1. A method for measuring terminal data similarity is characterized by comprising the following steps:

determining a calculation characteristic according to the terminal data;

2. The method according to claim 1, wherein the calculating the characteristic comprises:

3. The method according to claim 2, wherein the calculating the distance similarity of the terminal data comprises:

4. The method for measuring the similarity of terminal data according to claim 3, wherein the text similarity of the terminal data comprises:

5. The method according to claim 4, wherein the terminal similarity function similarity is as follows:

similar＝α₁f(d(l₁,l₂))+α₂fuzzy(n₁,n₂)+α₃fuzzy(a₁,a₂)+α₄fuzzy(t₁,t₂)+α₅fuzzy(p₁,p₂)；

wherein alpha is₁+α₂+α₃+α₄+α₅1 represents the weight of the different features, the function fuzzy () represents the text similarity function calculated by the edit distance algorithm, f represents the preset distance similarity function, (l)₁,l₂) Representing said longitude and latitude of the two terminals to be compared, (n)₁,n₂) The terminal names representing two terminals to be compared, (a)₁,a₂) (t) representing said addresses of the two terminals to be compared₁,t₂) Indicating said type of the two terminals to be compared, (p)₁,p₂) Representing the contacts of the two terminals to be compared.

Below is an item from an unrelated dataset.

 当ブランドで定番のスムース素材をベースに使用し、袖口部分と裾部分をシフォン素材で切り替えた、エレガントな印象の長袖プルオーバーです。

6. The method according to claim 5, further comprising setting the pre-set hyper-parameter threshold to 0.7.

7. A computer terminal device, comprising:

one or more processors;

a memory coupled to the processor for storing one or more programs;

when executed by the one or more processors, cause the one or more processors to implement the terminal data similarity metric method of any of claims 1-6.

8. A computer-readable storage medium, on which a computer program is stored, which, when being executed by a processor, implements the terminal data similarity measure method according to any one of claims 1 to 6.